### Excerpted records

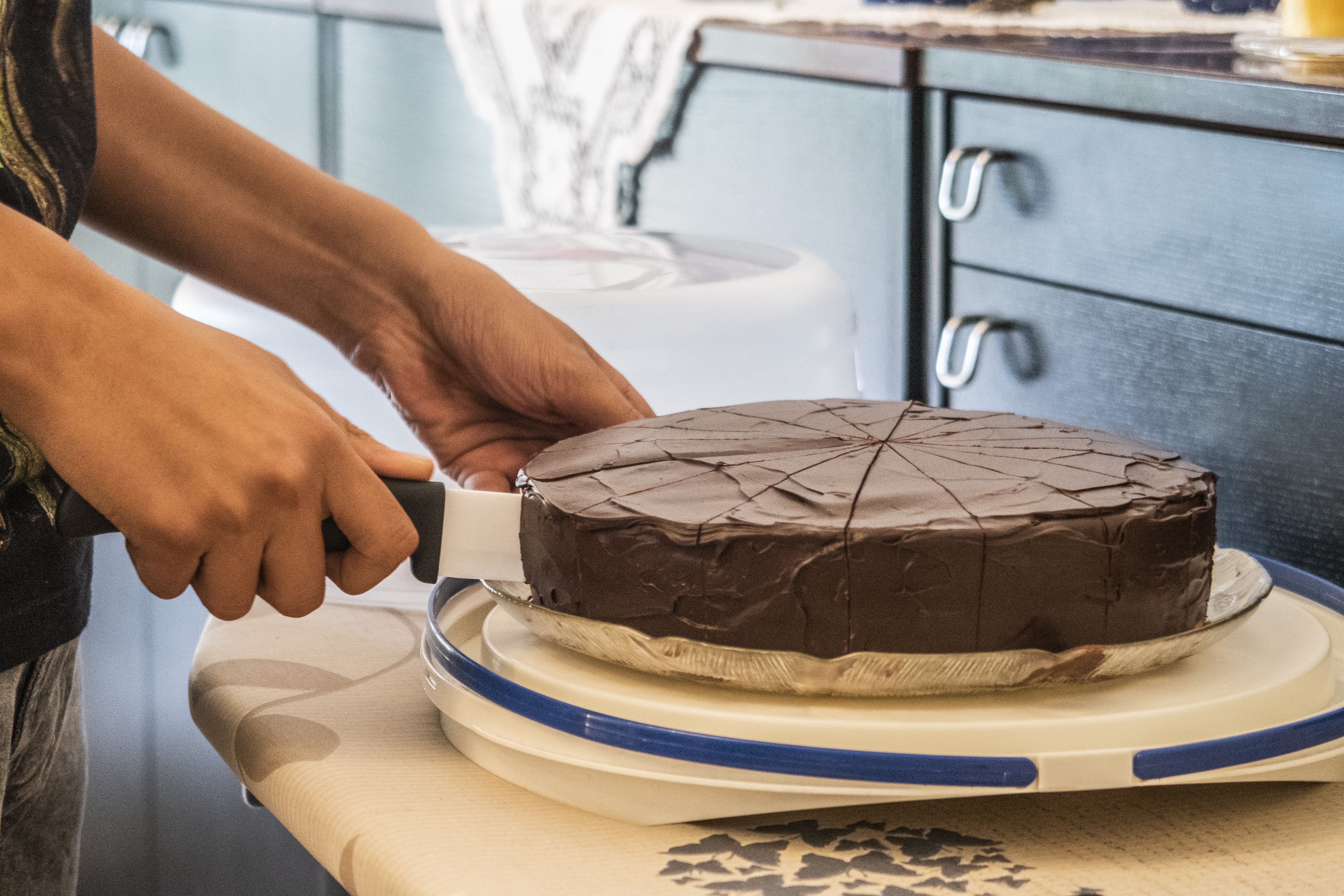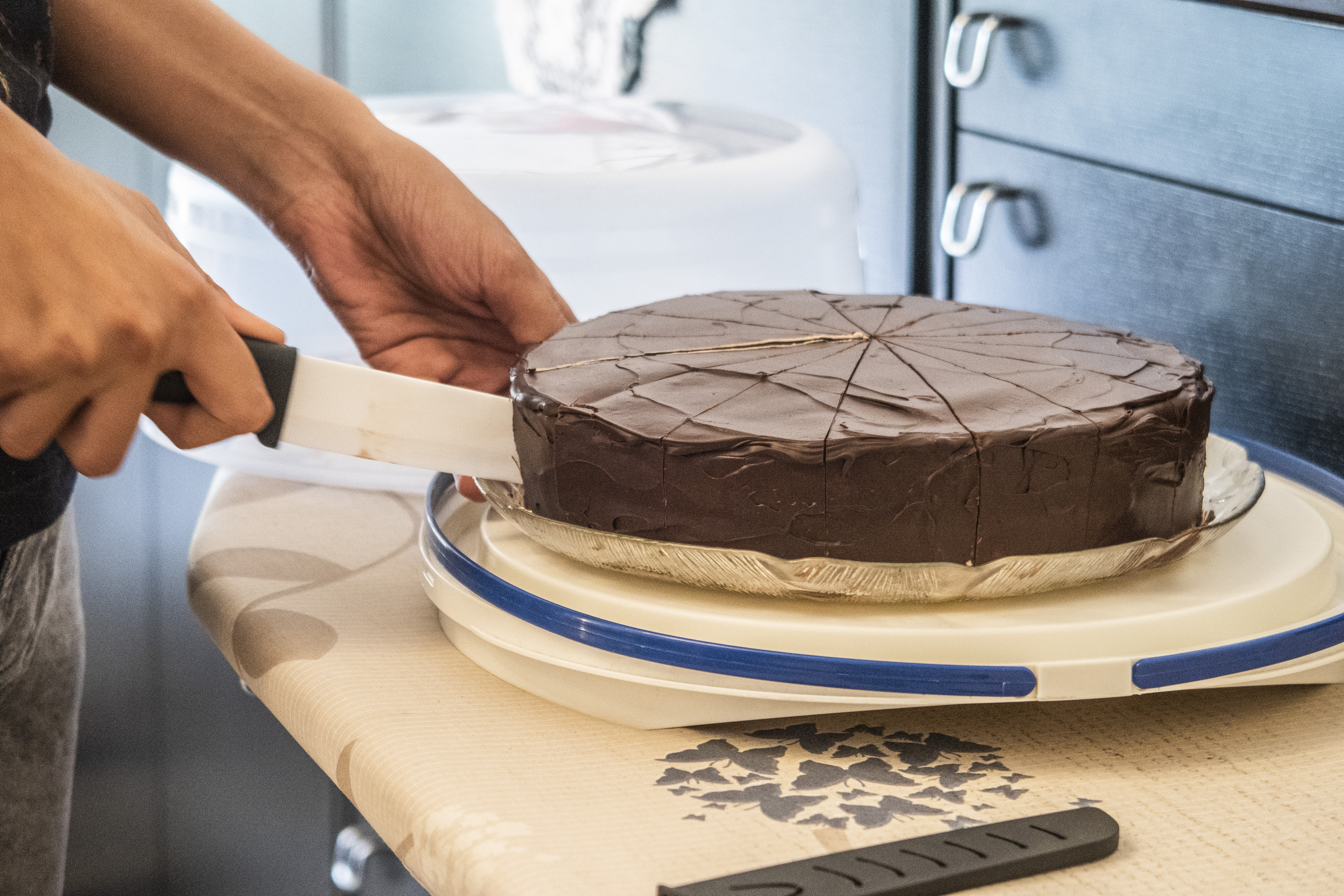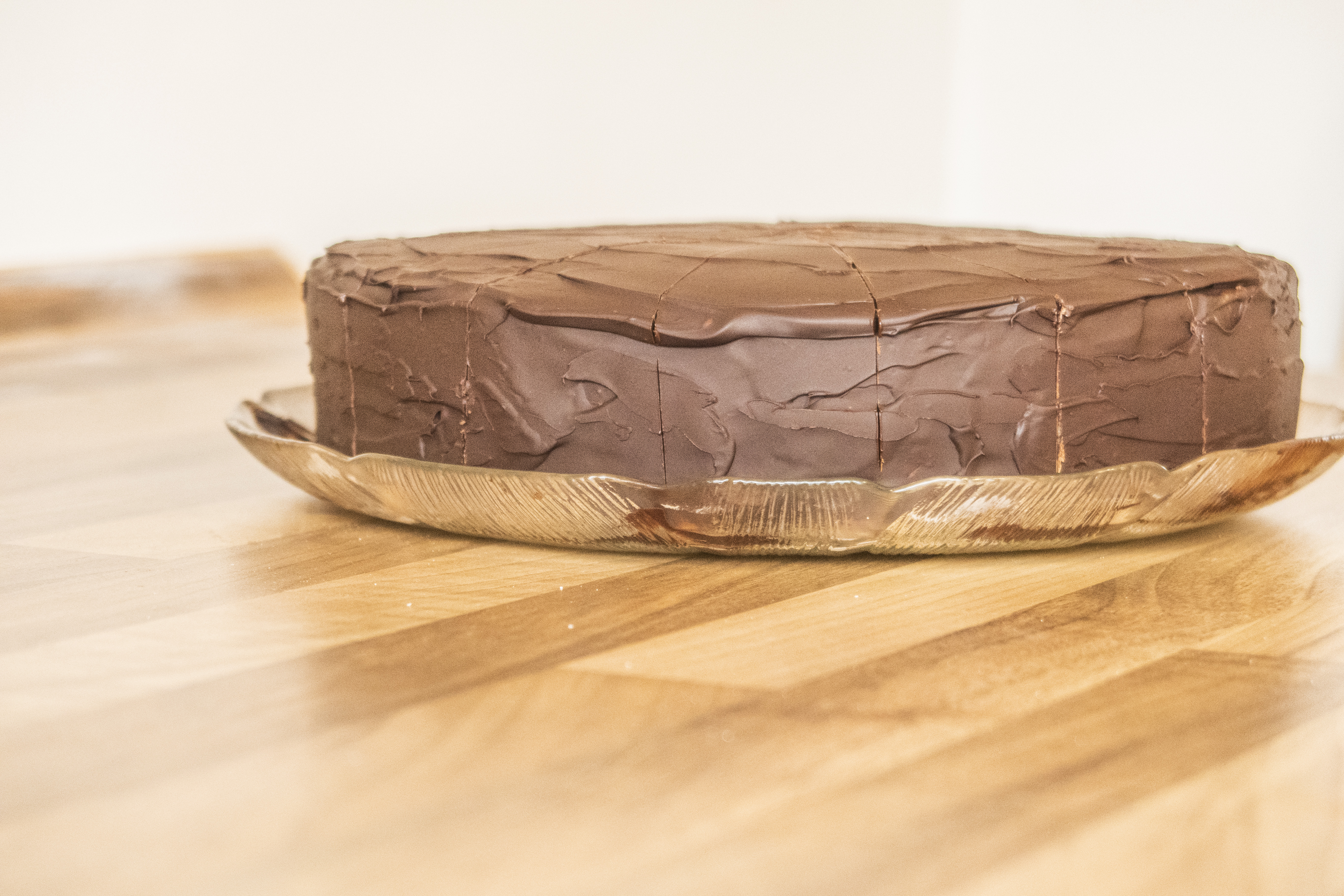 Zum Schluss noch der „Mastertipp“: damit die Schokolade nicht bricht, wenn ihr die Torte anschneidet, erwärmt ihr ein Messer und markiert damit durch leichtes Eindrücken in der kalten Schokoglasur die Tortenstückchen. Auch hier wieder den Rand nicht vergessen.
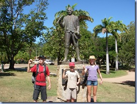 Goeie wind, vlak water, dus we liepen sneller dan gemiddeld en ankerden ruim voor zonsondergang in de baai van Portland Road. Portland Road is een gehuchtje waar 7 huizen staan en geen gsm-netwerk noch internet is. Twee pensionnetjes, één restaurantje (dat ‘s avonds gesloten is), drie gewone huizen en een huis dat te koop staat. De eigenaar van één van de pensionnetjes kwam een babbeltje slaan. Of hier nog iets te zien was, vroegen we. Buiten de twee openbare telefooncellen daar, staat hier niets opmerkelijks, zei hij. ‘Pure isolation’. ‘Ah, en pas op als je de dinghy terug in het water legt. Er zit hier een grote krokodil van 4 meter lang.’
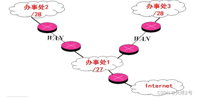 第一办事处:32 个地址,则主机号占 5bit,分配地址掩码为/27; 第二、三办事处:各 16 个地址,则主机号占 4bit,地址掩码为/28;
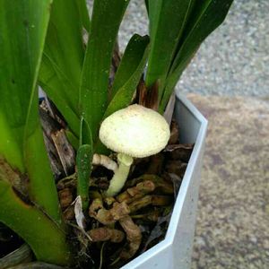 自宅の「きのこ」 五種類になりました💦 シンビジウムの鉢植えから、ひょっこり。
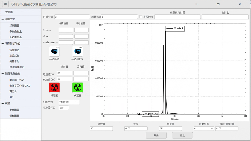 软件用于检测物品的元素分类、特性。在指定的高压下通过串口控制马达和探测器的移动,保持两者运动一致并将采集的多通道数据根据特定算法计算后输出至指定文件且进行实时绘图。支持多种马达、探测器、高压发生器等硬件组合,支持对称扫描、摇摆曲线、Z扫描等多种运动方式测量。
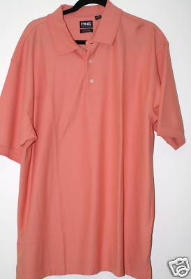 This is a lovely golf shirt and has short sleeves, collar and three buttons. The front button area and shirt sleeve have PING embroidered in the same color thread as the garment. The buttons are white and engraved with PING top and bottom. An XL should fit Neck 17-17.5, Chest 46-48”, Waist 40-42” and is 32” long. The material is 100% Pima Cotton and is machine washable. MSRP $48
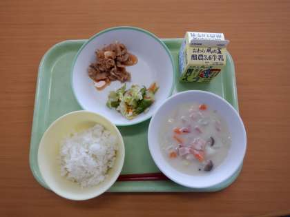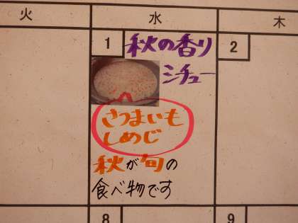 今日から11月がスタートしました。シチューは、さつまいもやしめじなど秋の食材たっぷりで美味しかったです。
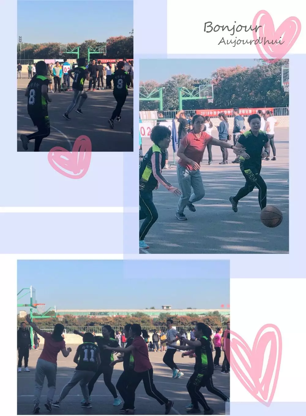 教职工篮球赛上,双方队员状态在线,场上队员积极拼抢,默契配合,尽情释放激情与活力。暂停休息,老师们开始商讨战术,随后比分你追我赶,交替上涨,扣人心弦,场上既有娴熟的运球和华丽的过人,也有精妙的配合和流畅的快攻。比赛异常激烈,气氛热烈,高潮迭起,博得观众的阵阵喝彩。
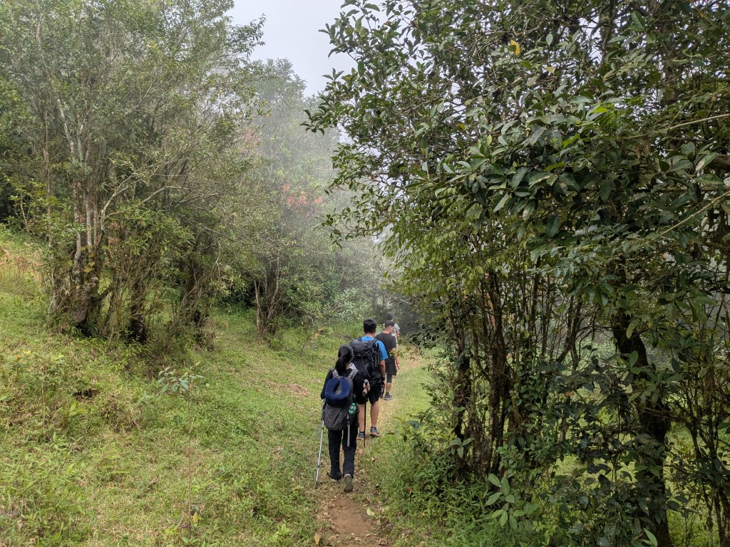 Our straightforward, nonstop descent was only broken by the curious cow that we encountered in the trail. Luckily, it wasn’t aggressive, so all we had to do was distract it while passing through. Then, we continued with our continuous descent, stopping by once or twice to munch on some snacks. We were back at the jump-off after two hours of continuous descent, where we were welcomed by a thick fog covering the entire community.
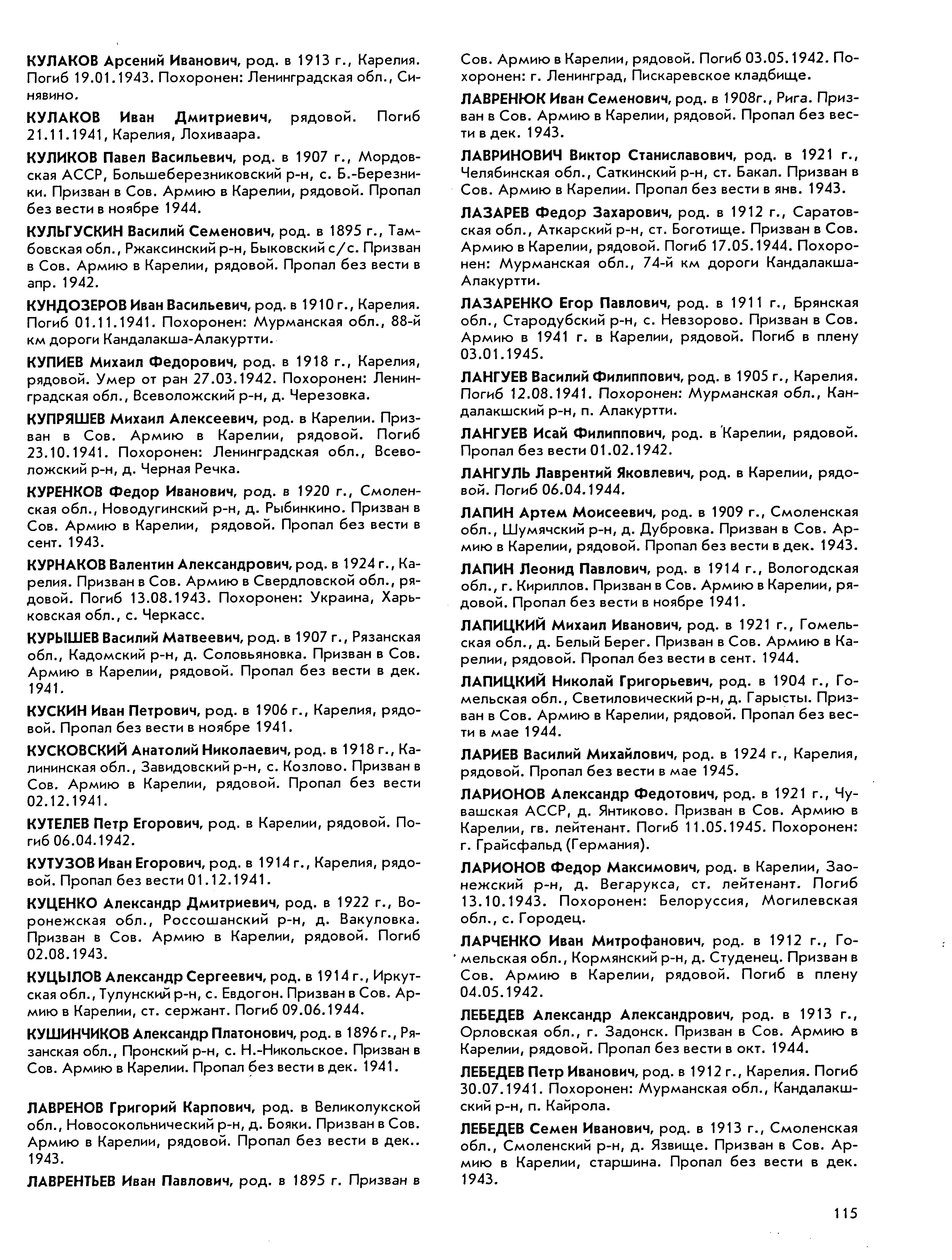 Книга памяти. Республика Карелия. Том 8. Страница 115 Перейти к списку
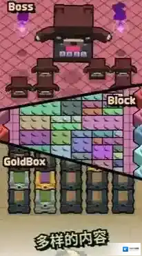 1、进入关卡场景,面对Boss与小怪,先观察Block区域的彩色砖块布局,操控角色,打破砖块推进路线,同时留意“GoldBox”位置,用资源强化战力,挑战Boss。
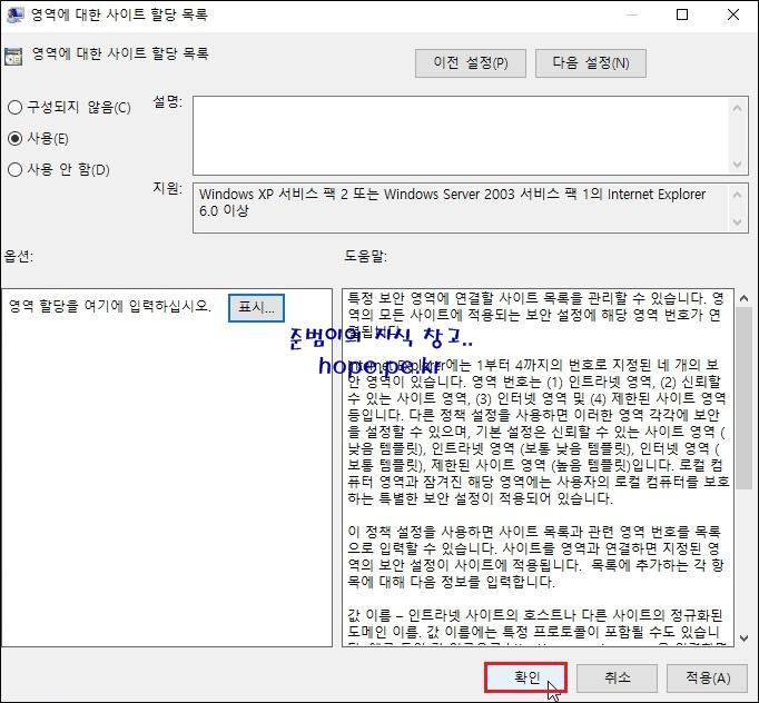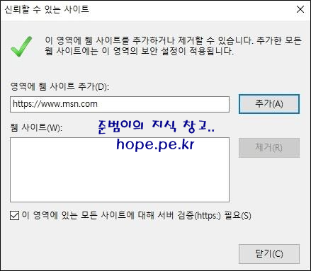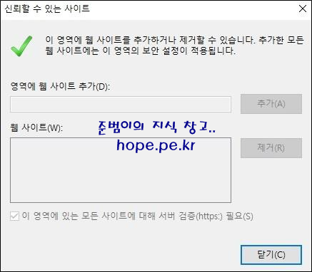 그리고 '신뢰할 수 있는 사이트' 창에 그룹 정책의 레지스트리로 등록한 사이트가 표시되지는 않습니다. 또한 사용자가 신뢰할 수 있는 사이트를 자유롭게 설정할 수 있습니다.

######

__Work required__. Each record above goes into the copy word for word; the pictures do not.

__Solution to the problem__.
 Zum Schluss noch der „Mastertipp“: damit die Schokolade nicht bricht, wenn ihr die Torte anschneidet, erwärmt ihr ein Messer und markiert damit durch leichtes Eindrücken in der kalten Schokoglasur die Tortenstückchen. Auch hier wieder den Rand nicht vergessen.
 Goeie wind, vlak water, dus we liepen sneller dan gemiddeld en ankerden ruim voor zonsondergang in de baai van Portland Road. Portland Road is een gehuchtje waar 7 huizen staan en geen gsm-netwerk noch internet is. Twee pensionnetjes, één restaurantje (dat ‘s avonds gesloten is), drie gewone huizen en een huis dat te koop staat. De eigenaar van één van de pensionnetjes kwam een babbeltje slaan. Of hier nog iets te zien was, vroegen we. Buiten de twee openbare telefooncellen daar, staat hier niets opmerkelijks, zei hij. ‘Pure isolation’. ‘Ah, en pas op als je de dinghy terug in het water legt. Er zit hier een grote krokodil van 4 meter lang.’
 第一办事处:32 个地址,则主机号占 5bit,分配地址掩码为/27; 第二、三办事处:各 16 个地址,则主机号占 4bit,地址掩码为/28;
 自宅の「きのこ」 五種類になりました💦 シンビジウムの鉢植えから、ひょっこり。
 软件用于检测物品的元素分类、特性。在指定的高压下通过串口控制马达和探测器的移动,保持两者运动一致并将采集的多通道数据根据特定算法计算后输出至指定文件且进行实时绘图。支持多种马达、探测器、高压发生器等硬件组合,支持对称扫描、摇摆曲线、Z扫描等多种运动方式测量。
 This is a lovely golf shirt and has short sleeves, collar and three buttons. The front button area and shirt sleeve have PING embroidered in the same color thread as the garment. The buttons are white and engraved with PING top and bottom. An XL should fit Neck 17-17.5, Chest 46-48”, Waist 40-42” and is 32” long. The material is 100% Pima Cotton and is machine washable. MSRP $48
 今日から11月がスタートしました。シチューは、さつまいもやしめじなど秋の食材たっぷりで美味しかったです。
 教职工篮球赛上,双方队员状态在线,场上队员积极拼抢,默契配合,尽情释放激情与活力。暂停休息,老师们开始商讨战术,随后比分你追我赶,交替上涨,扣人心弦,场上既有娴熟的运球和华丽的过人,也有精妙的配合和流畅的快攻。比赛异常激烈,气氛热烈,高潮迭起,博得观众的阵阵喝彩。
 Our straightforward, nonstop descent was only broken by the curious cow that we encountered in the trail. Luckily, it wasn’t aggressive, so all we had to do was distract it while passing through. Then, we continued with our continuous descent, stopping by once or twice to munch on some snacks. We were back at the jump-off after two hours of continuous descent, where we were welcomed by a thick fog covering the entire community.
 Книга памяти. Республика Карелия. Том 8. Страница 115 Перейти к списку
 1、进入关卡场景,面对Boss与小怪,先观察Block区域的彩色砖块布局,操控角色,打破砖块推进路线,同时留意“GoldBox”位置,用资源强化战力,挑战Boss。
 그리고 '신뢰할 수 있는 사이트' 창에 그룹 정책의 레지스트리로 등록한 사이트가 표시되지는 않습니다. 또한 사용자가 신뢰할 수 있는 사이트를 자유롭게 설정할 수 있습니다.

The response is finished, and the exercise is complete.